CODEWITHSUNDEEP
c++algorithmgeometry
vaati
vaati

Reputation: 162

Detect extreme points of a convex polygon

How can i get the extreme points of a convex polygon looking from a determined point? I'm trying to make this by points angle, the smaller and bigger angles is the extreme points, but when observer is closer to points, this is not valid.

This is my code:

Vec2* bigger = &points[0]; // pointer to point with bigger angle
Vec2* smaller = &points[0]; // pointer to point with smaller angle

Vec2 observer = rayCenter;

// iterate through all points of polygon
for(unsigned u = 0 ; u < points.size() ; u++)
{
    Vec2 distance = observer - points[u];

    if(distance.angle() < (observer - *smaller).angle())
        smaller = &points[u];
    if(distance.angle() > (observer - *bigger).angle())
        bigger = &points[u];
}

The result:

enter image description here

Where blue lines is the excluded points and yellow desirable points. Is there a best way to resolve this?

Sorry for my english.

Upvotes: 0

Views: 1285

Answers (3)

user1196549
user1196549

Reputation:

You shouldn't compare angles directly as there is a 360° wraparound.

Prefer to test "this point is more to the left" or "to the right" by computing the signed area of the triangle formed by the observer and two points.

Upvotes: 0

AnT stands with Russia
AnT stands with Russia

Reputation: 320797

Polygon vertex A is extreme for the given location of the observer, iff all other points of the polygon lie on the same side of the observer-to-A line (or, possibly, lie on that line).

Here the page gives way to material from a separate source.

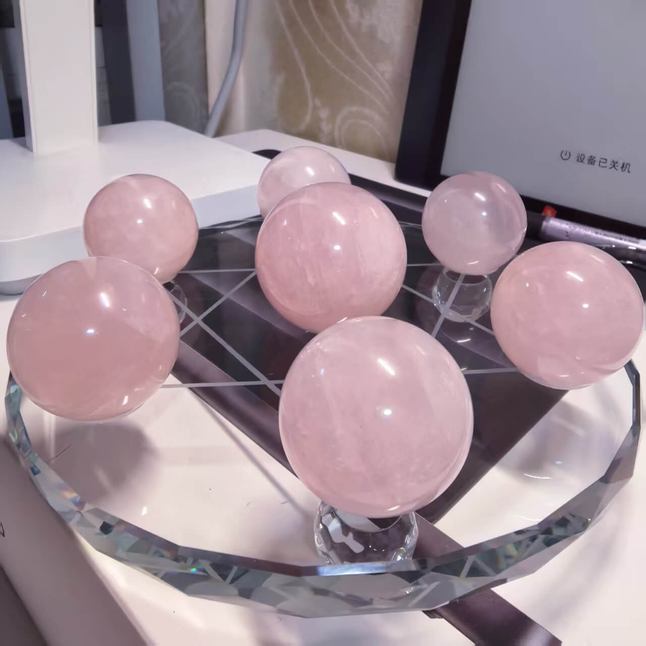 - Rose quartz crystal is also called the stone of love and passion. Placing the rose quartz sphere in home office is believed to eliminate negative energy, purify your mind, attract good luck, and help you keep calm and relaxed.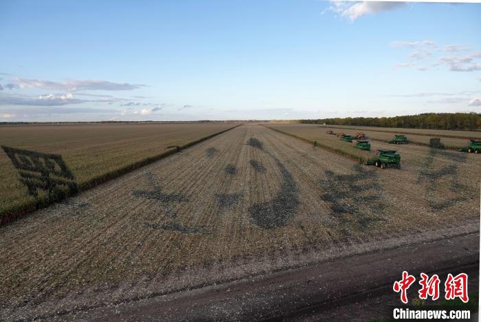 友誼農(nóng)場“萬畝大地號(hào)”上,農(nóng)機(jī)進(jìn)行作物收割作業(yè),場面壯觀。中新網(wǎng)記者 孫自法 攝

If the polygon is known to be convex, then the criterion is greatly simplified. There's no need to analyze all other points of the polygon. The extreme point can be easily recognized by analyzing the locations of its two immediate neighbors.

If A is our candidate point and P and N are its adjacent points in the polygon (previous and next), then A is an extreme point iff both P and N lie on the same side of observer-to-A line.

vec_of_A = A - observer; // observer-to-A vector
vec_of_P = P - observer;
vec_of_N = N - observer;

productP = vec_of_A.x * vec_of_P.y - vec_of_A.y * vec_of_P.x;
productN = vec_of_A.x * vec_of_N.y - vec_of_A.y * vec_of_N.x;

if (sign(productP) == sign(productN))
  // A is an extreme point
else
  // A is not an extreme point

Some extra decision making will be necessary if P and/or N lie exactly on the observer-to-A line (depends on what point you consider extreme in such cases).

Upvotes: 2

dpmcmlxxvi
dpmcmlxxvi

Reputation: 1302

Compute a new convex hull using the points from the existing convex hull plus the observer point. In the new convex hull, the points that are adjacent to the observer point are your "extreme" points.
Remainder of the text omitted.